What to do = Starting at the line below that contains "他喜画鸡,他笔下的鸡或高鸣,或闲聚,或迷" and ending at the line that contains "Кресло в лодку", retype each line exactly as it stands, but omit the pictures.

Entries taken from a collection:
● ● ● ●
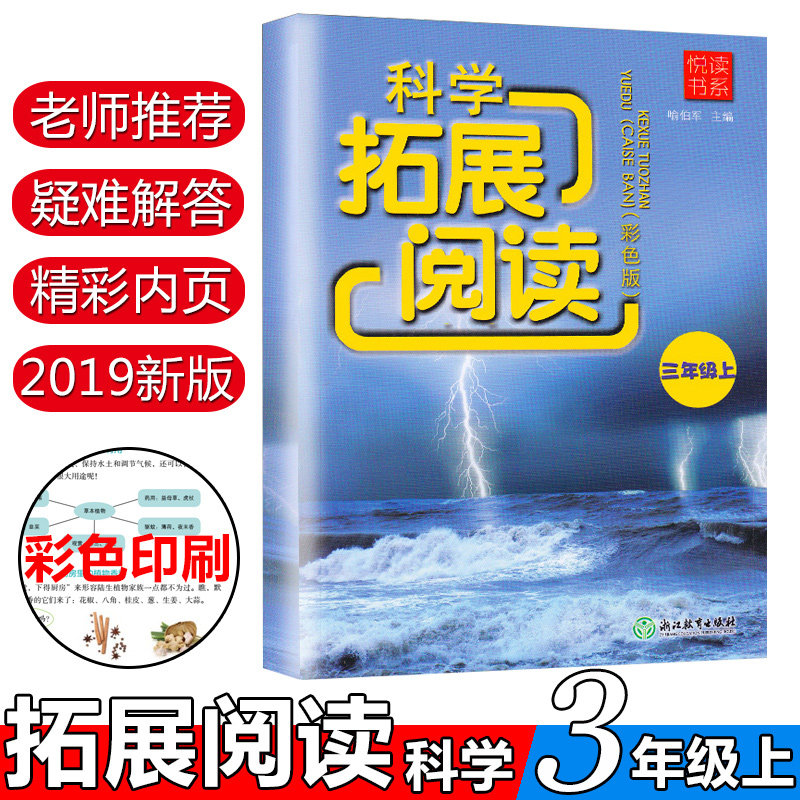 Отдел чтения Юэ Научное расширенное чтение Цветное издание Третий класс Том 1 Чжэцзянская образовательная пресса Синхронные внеклассные чтения для учащихся 3-го класса Начальной школы Энциклопедия по биологии, растениям и естественным знаниям Руководство для помощника преподавателя / Подлинное
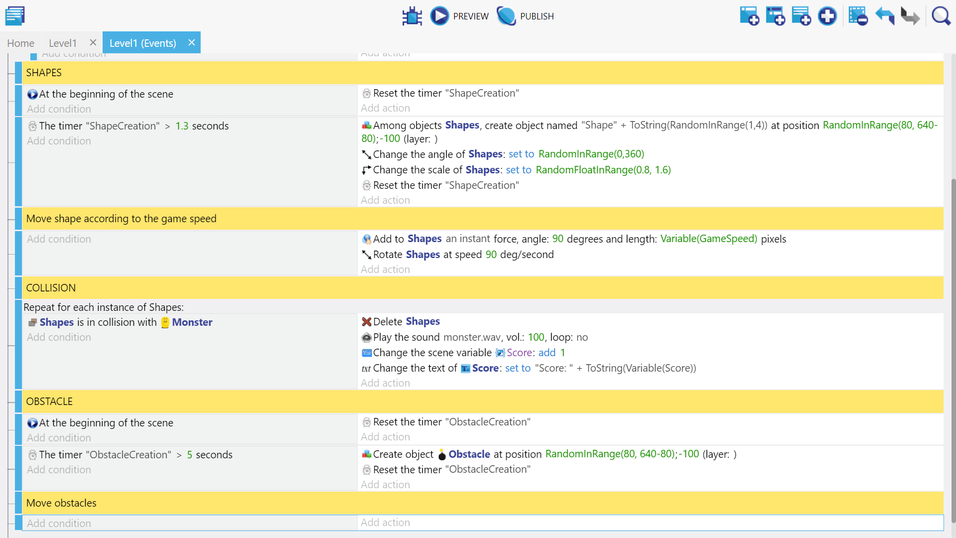 Next create a new event above the obstacle event and give it the condition “at beginning of the scene”, and copy/paste the earlier create “Start (or reset) a scene timer” action for “ObstacleCreation” to this new event. This will start the timer at the beginning of the game in so the obstacle event will trigger the first time.
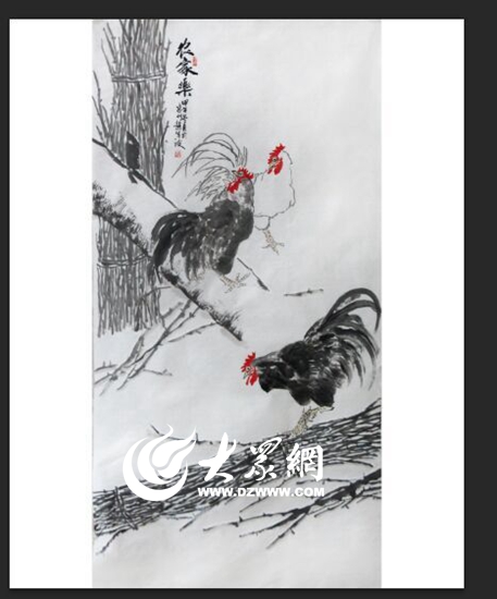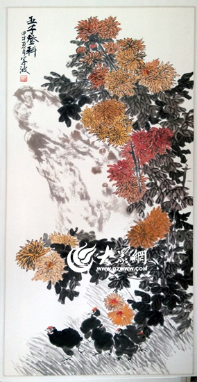 他喜画鸡,他笔下的鸡或高鸣,或闲聚,或迷醉,或静思,简单几笔,威武灵动,栩栩如生。他就是现就职于日照市新世纪商厦有限公司,从事策划工作的赵军波。
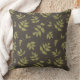 Floral Green Wisteria Leaves Tossed on Brown Throw Pillow
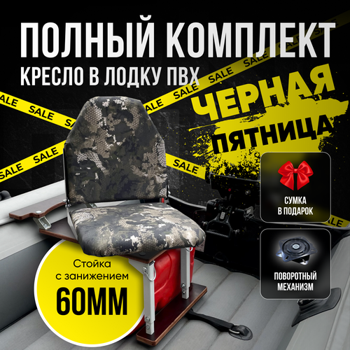 Кресло в лодку ПВХ Стойка складная Поворотный механизм Сумка
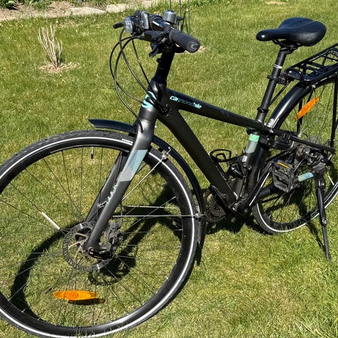 Cyklen er fra 2013, men der er kun kørt max. 10 ture på den. Den har stået inde altid. Monteret med nye dæk. Sadlen har en lille misfarvning efter cykelshorts. Monteret med godkendt lås og bagagebærer.
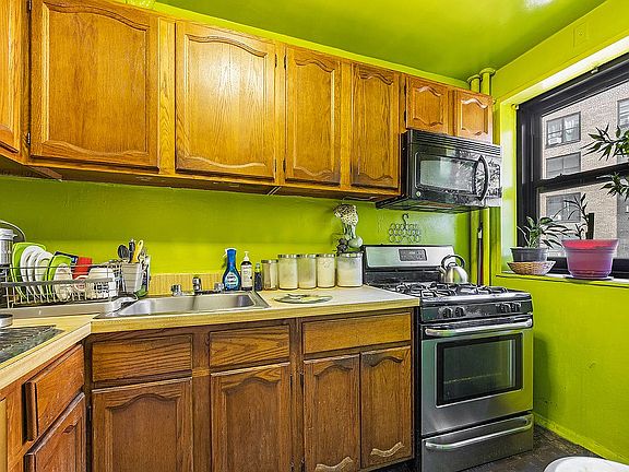 The kitchen has a window and room for a dishwasher. The bathroom has the original 1930s tile, still in excellent condition. The main bedroom is enormous, with room enough for a king-sized bedroom set and also a sitting area or home office. Plus, the second room has two windows with two exposures.
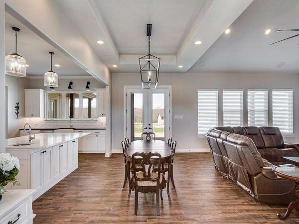 Starry skies and breathtaking sunsets await at this custom built retreat on 2 acres in the prestigious estates of Newsom Ranch. Designed for both everyday comfort and unforgettable entertaining, this home offers refined finishes, thoughtful upgrades, and stunning views from every angle. Impressive double entry doors welcome you with an abundance of natural light. Elegant ceramic tile flooring flows seamlessly into the expansive living and dining areas. A striking gas fireplace with custom mantle serves as the focal point, while vaulted ceilings accented with a wood beam create warmth and architectural charm. The Chef's Kitchen is truly exceptional, featuring a six-burner cooktop, double ovens, and oversized island with prep sink and bar seating. A walk in butler's pantry with custom cabinetry and hidden microwave adds style and function. Leather-finished granite, custom backsplash, beautiful pendant lighting, and a farmhouse sink framed by windows overlooking the acreage elevate the space even further. The spacious primary suite is a private sanctuary with patio access for peaceful evenings under the stars. The luxurious en suite bath features double vanities, freestanding soaking tub, and a walk-in shower. Split bedrooms provide privacy for all, and the fourth bedroom, complete with en suite bath, makes an ideal guest suite, craft room, or mother-in-law retreat. Working from home is effortless with both an AV office and an additional library office, offering multiple workspaces. Even the laundry room impresses with custom cabinetry, utility sink, brick tile flooring and direct access to the primary closet. A Bonus Feature is the 20x30 Insulated Workshop with 10x10 roll-up door, mini-split climate control, and ample 110 and 220 electrical service, perfect for hobbies, projects, or additional storage. Enjoy morning coffee on the extended covered front porch or unwind on the back patio, taking in the panoramic views. This is the Dream Retreat you've been waiting for!
● ● ● ●
Solution to this task =
 他喜画鸡,他笔下的鸡或高鸣,或闲聚,或迷醉,或静思,简单几笔,威武灵动,栩栩如生。他就是现就职于日照市新世纪商厦有限公司,从事策划工作的赵军波。
 Floral Green Wisteria Leaves Tossed on Brown Throw Pillow
 Кресло в лодку ПВХ Стойка складная Поворотный механизм Сумка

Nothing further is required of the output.